Over the past twelve years, I have participated in several wonderful seminars at the Yale-New Haven Teachers Institute developing innovative curriculum units to supplement my teaching. These projects have motivated my students and myself to explore new and exciting areas of learning. In recent years, we have investigated African-American studies with the paintings of Jacob Lawrence, the historical struggles of Harriet Tubman and Frederick Douglass, and the poetry of Langston Hughes, Gwendolyn Brooks and Paul Laurence Dunbar. This past year my work focused on immigration studies especially as they related to issues of assimilation into American society because many of our Hispanic students at Clemente have migrated from Puerto Rico to the New Haven area.
This year I am participating in Professor Lawler's seminar on "American Children's Literature" because it will afford the opportunity to develop a curriculum unit which will focus on the dramatic involvement of young Americans caught in turbulent times in American history as they sought to help shape the destiny of America forever. Having recently been assigned to teach social studies, this unit will help me to design a literature-based program to supplement my teachings of the American Revolution.
The unit will become a wonderful narrative exposition beginning with the British involvement in the Ohio River Valley in the French and Indian War, followed by angry protests against British taxation policies on stamps, sugar, tea and other commodities, and culminating in military confrontations between the colonists and the Crown. The Newbery Medal winner
will portray Revolutionary Boston as a living drama, perceived through the eyes of a shrewd and observant youngster. We will relive major historical events which were to lead to the Boston Tea Party and to the Battle of Lexington. This passionate piece of historical fiction will recreate wartime experiences for students of American history.

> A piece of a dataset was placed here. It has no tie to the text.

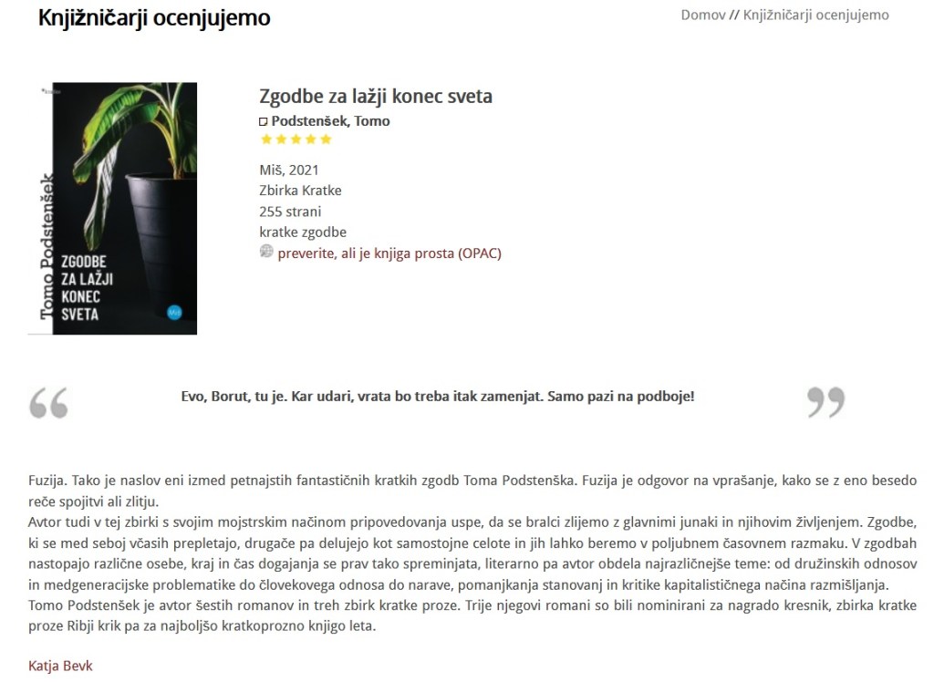 Na spletnih straneh Knjižnice A. T. Linharta Radovljica knjižničarji ocenjujejo in priporočajo izbrane knjige, o zbirki Zgodbe za lažji konec sveta (Založba Miš, 2021) je pisala Katja Bevk:

Although the Revolution was fought in New York and New Jersey as well, our unit's primary focus will be with the early battles and events in Massachusetts as well as our home state of Connecticut.
My Brother Sam Is Dead
captures the Revolutionary spirit as the Meeker family themselves are "captured" by the British troop movements in and around their homestead in Redding Ridge, just northwest of Fairfield, Connecticut. The family is further distressed as Mr. Meeker, among others, is a loyal supporter of the Crown and Sam, his son, constantly talks about defeating the British and of becoming independent and free. Tim Meeker, the younger son, is torn between his loyalty to his father and his desire to fight for freedom with his brother.
To provide a female prospective to the Revolutionary War, we will draw upon the experiences of two young women who find themselves in wartime Boston confused by their loyalties to their families, friends and employer. Ann Rinaldi has created two wonderful pieces of literature which dramatize pivotal moments in the War. First,
The Fifth of March
, a story of the Boston Massacre, relates skirmishes as a daily event in Boston as the rebelling colonists bristle against taxation and British military occupation. Our major character, Rachel Marsh, serves as an indentured servant to a young ambitious lawyer, John Adams, but her loyalties are compromised when she befriends a British soldier, Matthew Kilroy.
Our second novel,
The Secret of Sarah Revere
, to be used as a supplementary text, involves thirteen-year-old Sarah Revere, the daughter of the famous Patriot Paul Revere, and her insights into the political events surrounding her father's subversive activities against the Crown, including his now infamous ride to warn his countrymen of impending danger.
These wonderful pieces of literature will provide historical insight into critical phases of American history. They will afford opportunities to truly appreciate the sacrifices that our country's ancestors have made in order to shape the face of America today.